Comment 2 tethys 2014-10-16 11:51:34 UTC
Created attachment 107925 [details] Screenshot Possibly relevant. The on screen output seems to have converted what I assume is a tab character into a checkerboard pattern.
Comment 3 Tobias Klausmann 2014-10-16 15:56:56 UTC
The first step to solve this would be a way to reproduce the problem. With this you could bisect or test patches and make sure it does not happen again.
Comment 4 Ilia Mirkin 2014-10-16 16:09:39 UTC
In an effort to reduce irrelevant information, you've cut out potentially relevant things. Best to attach unredacted logs... (a) Is this an optimus setup? If so, can you try booting with nouveau.runpm=0 [this will cause the nvidia card not to auto-suspend when not used] (b) Please attach a full kernel log, from boot until the errors. It would appear that the errors are brought on by a channel hang, from which nouveau recovers in a... less-than-graceful fashion. This is, generally, a known "issue" (more like 100 inter-related issues). However perhaps you can update your userspace (specifically mesa), and whatever issue causes the hang has been fixed in 10.3.1. Upgrading the ddx to 1.0.11 wouldn't hurt either. As Tobias suggested, if you can identify an action that causes the issue, that would be extremely helpful.
Comment 5 tethys 2014-10-16 18:09:11 UTC
Created attachment 107942 [details] Full boot log (from journalctl -k -b bootid) It's been doing this for a while, and I'd been advised to try a newer kernel as there had apparently been a fair amount of nouveau related improvements. So I tried various -rc kernels and now the final 3.17.0 kernel. It seems (although I don't have enough data to be certain) that it's improved things slightly in that the crashes seem less frequent now. But it obviously still crashes. Reproducing it is simply a matter of waiting. If I leave the machine overnight, there's a reasonable chance that it'll be crashed when I get back into work the following morning. In terms of specific behaviour to trigger the crash, then no, I can't really give any information other than that I leave the machine basically idle overnight, running one of the less demanding screensavers from xscreensaver (cubicgrid). I don't think it's an optimus setup, but I'm not familiar enough with the Nvidia product range to say for sure. It's a PCI GeForce card in a desktop machine. By upgrading the ddx, I'm assuming you mean the xorg-x11-drv-nouveau package? I'm already at the latest distribution supplied version (as I am for mesa), but I guess I could look at compiling it from source if you think it might help.

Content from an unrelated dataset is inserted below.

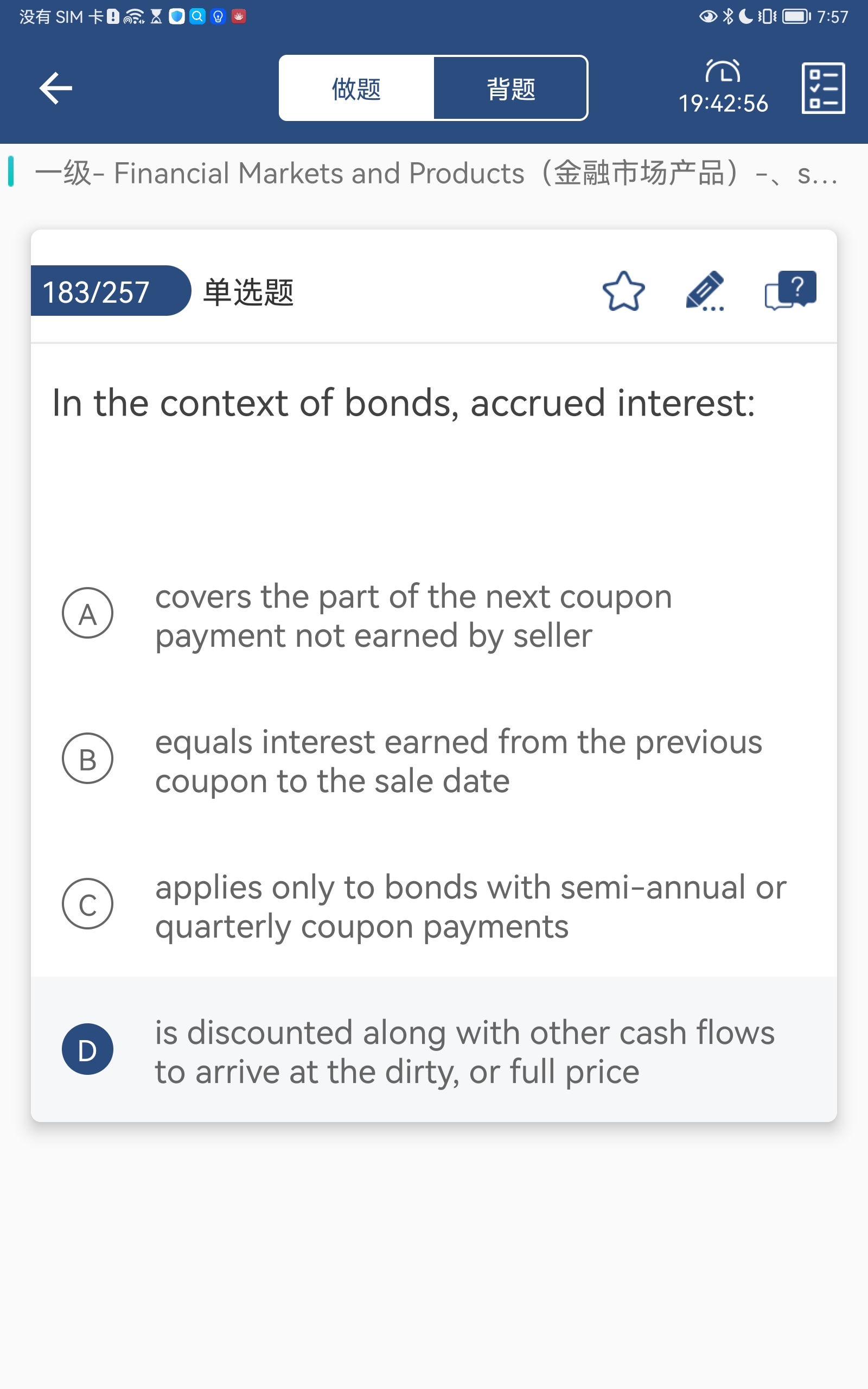 同学,D选项意思是是与其他现金流一起贴现以达到全价,是错误的哈,我们对于AI的计算是单独拎出来计算的哈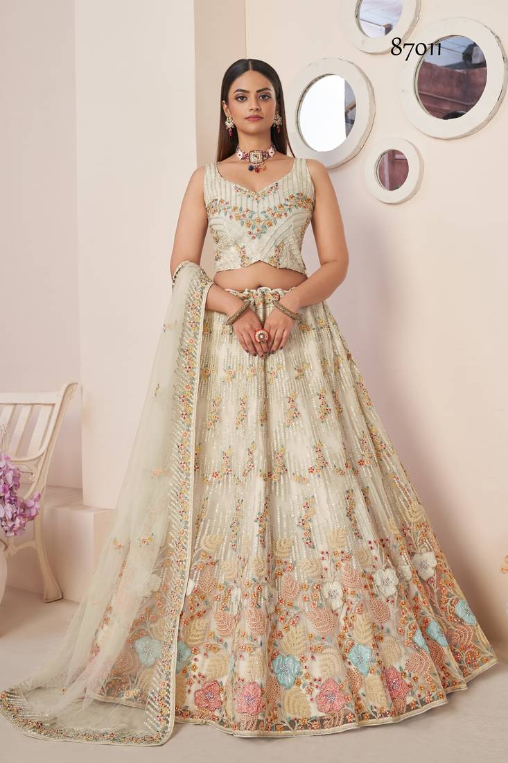 • Fabric : Net • Color : White • Work : Sequins • Length : 2.5 Lehenga Details

Comment 6 Ilia Mirkin 2014-10-16 18:55:04 UTC
(In reply to tethys from comment #5) > By upgrading the ddx, I'm assuming you mean the xorg-x11-drv-nouveau > package? I'm already at the latest distribution supplied version (as > I am for mesa), but I guess I could look at compiling it from source > if you think it might help. Right... but it'd be silly to chase bugs already resolved upstream. Distros tend to be cautious with new versions, which makes sense if your starting position is that things work. When things don't work, get the latest :)